BEGIN Collected data
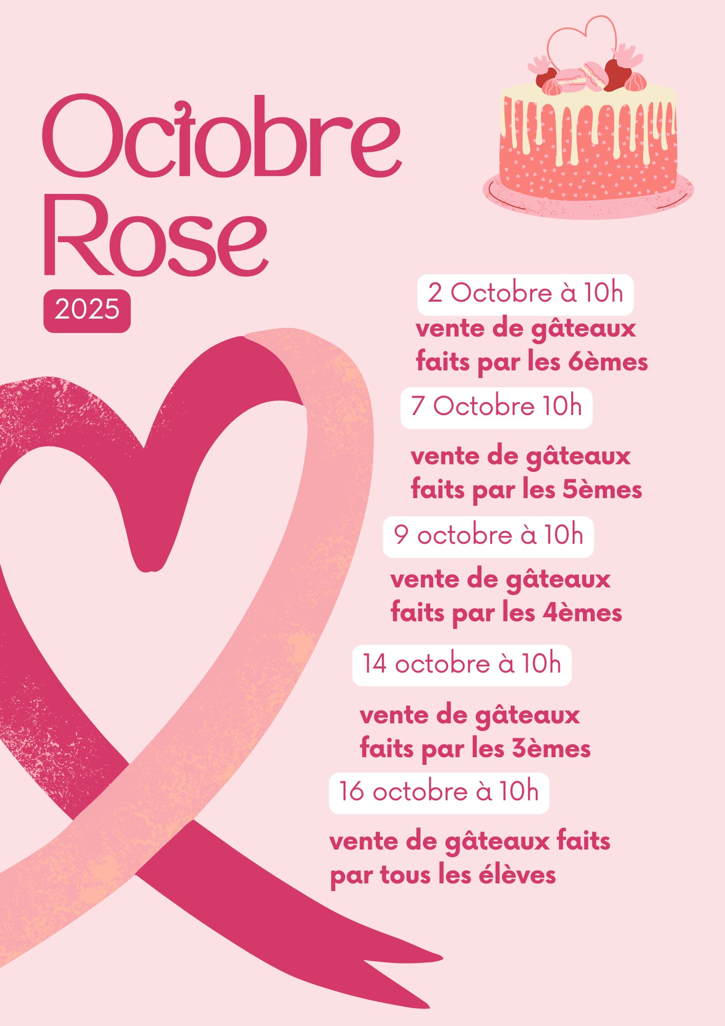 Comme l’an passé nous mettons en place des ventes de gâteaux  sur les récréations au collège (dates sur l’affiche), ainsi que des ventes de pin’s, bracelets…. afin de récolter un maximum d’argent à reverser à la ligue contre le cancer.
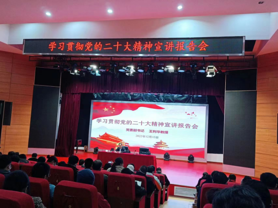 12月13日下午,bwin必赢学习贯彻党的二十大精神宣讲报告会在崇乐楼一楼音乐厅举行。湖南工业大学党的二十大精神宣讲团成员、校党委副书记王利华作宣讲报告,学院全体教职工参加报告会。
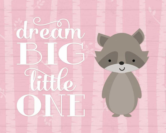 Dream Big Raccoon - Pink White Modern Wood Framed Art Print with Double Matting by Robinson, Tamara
END Collected data
__What to do__.
Reproduce the data word for word; no pictures.

__Reply__.
 Comme l’an passé nous mettons en place des ventes de gâteaux  sur les récréations au collège (dates sur l’affiche), ainsi que des ventes de pin’s, bracelets…. afin de récolter un maximum d’argent à reverser à la ligue contre le cancer.
 12月13日下午,bwin必赢学习贯彻党的二十大精神宣讲报告会在崇乐楼一楼音乐厅举行。湖南工业大学党的二十大精神宣讲团成员、校党委副书记王利华作宣讲报告,学院全体教职工参加报告会。
 Dream Big Raccoon - Pink White Modern Wood Framed Art Print with Double Matting by Robinson, Tamara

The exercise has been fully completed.